Eine eindringliche Erzählung über den Kampf eines Mädchens, sich aus einer Welt voller Gewalt und religiösem Fundamentalismus zu befreien.
Tara Westover wächst in den Bergen Idahos auf, in einer Familie von fundamentalistischen Mormonen. Ihr Vater ist vom baldigen Ende der Welt überzeugt und misstraut dem Staat zutiefst. Tara und ihre Geschwister gehen nicht zur Schule, haben keine Geburtsurkunden und werden bei Verletzungen nicht ärztlich versorgt. Stattdessen müssen sie unter gefährlichen Bedingungen auf dem Schrottplatz des Vaters arbeiten.
Doch Tara hat einen unerschütterlichen Wissensdurst. Sie bringt sich selbst genug bei, um die Aufnahmeprüfung fürs College zu bestehen - der Beginn einer beeindruckenden akademischen Laufbahn, die sie bis nach Cambridge führt. Aber diese Entwicklung bedeutet auch einen schmerzhaften Abnabelungsprozess von ihrer Familie und der geliebten Heimat.

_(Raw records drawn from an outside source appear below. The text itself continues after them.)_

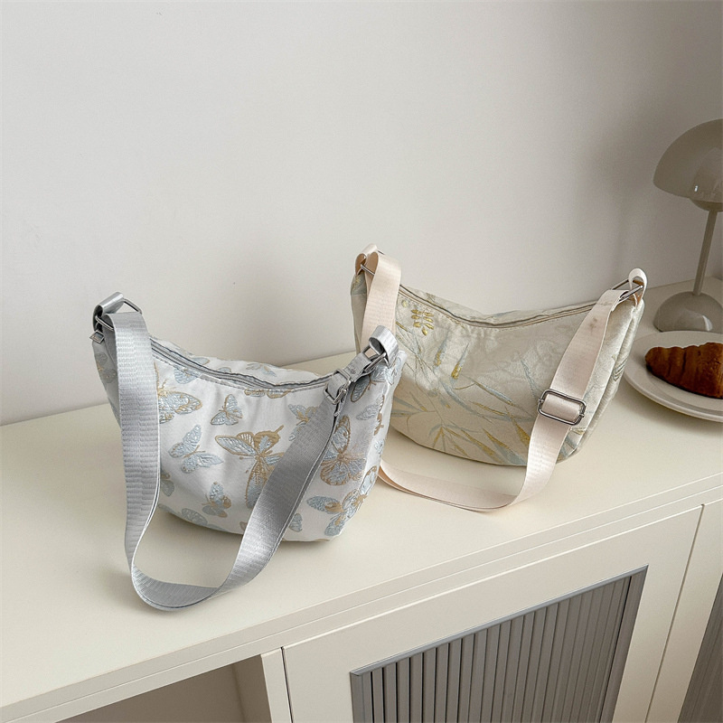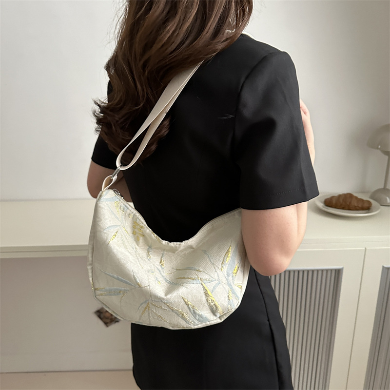 新中式国风提花帆布饺子包女流行百搭单肩大包新款通勤腋下包
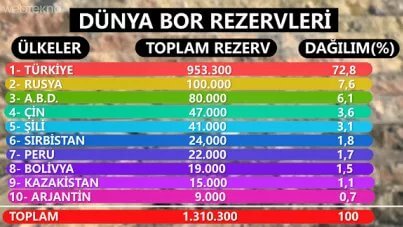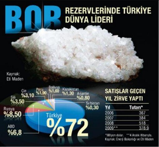 - İleride Türkiye’de bolca bulunan bor sayesinde sıvı piller yapılabilir. Bu elektrikli araçların pil doldurma süresini birkaç dakikaya çekebilir. Tabi Türkiye için muazzam bir gelir kapısı.
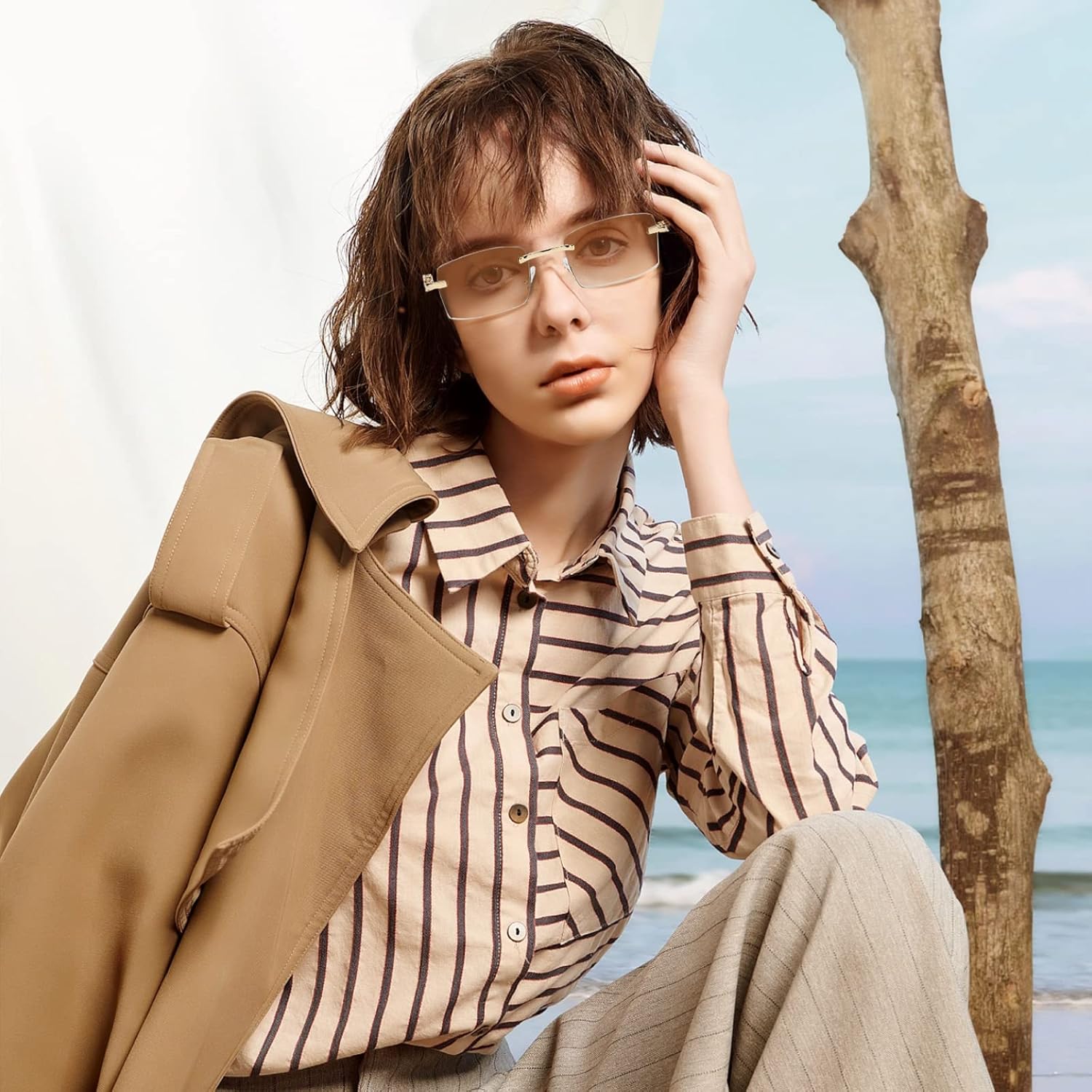 Gli occhiali da sole senza montatura conferiscono un aspetto squisito e chic, mentre la forma a rettangolari interpreta il classico stile rétro.
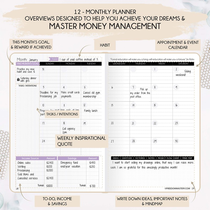 Financial Planner & Monthly Budget Planner and Monthly Bill Organizer - 12 Month Journey to Financial Freedom, Monthly Budget Book Planner | Much More Than Just a Budgeting Planner or Finance Planner
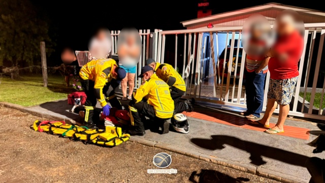 O Corpo de Bombeiros foi acionado por volta das 22h10 e, ao chegar no local, encontrou o condutor de uma Honda/CG 160 após colidir contra o portão de uma residência.
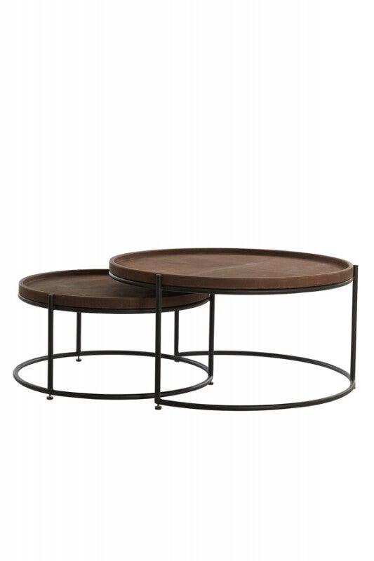 Salontafel S/2 Ø64x30,5+Ø79x38 cm JAIRO leer d. bruin+zwart

In Befreit erzählt Westover auf ergreifende und poetische Weise, wie Bildung ihr Leben veränderte und es ihr ermöglichte, einen Platz für sich selbst in der Welt zu finden. Ein eindringliches Memoir, das ein Licht auf einen oft übersehenen Teil Amerikas wirft.
Tara Westover
Tara Westover wurde 1986 in Idaho, USA, geboren und lebt heute in Großbritannien. 2008 erwarb sie den Bachelor of Arts an den Brigham Young University. Am Trinity College, Cambridge, machte sie 2009 einen Abschluss als Master of Philosophy und promovierte 2014, nach einem Abstecher an die Harvard University, in Cambridge in Geschichte. »Befreit« ist ihr erstes Buch.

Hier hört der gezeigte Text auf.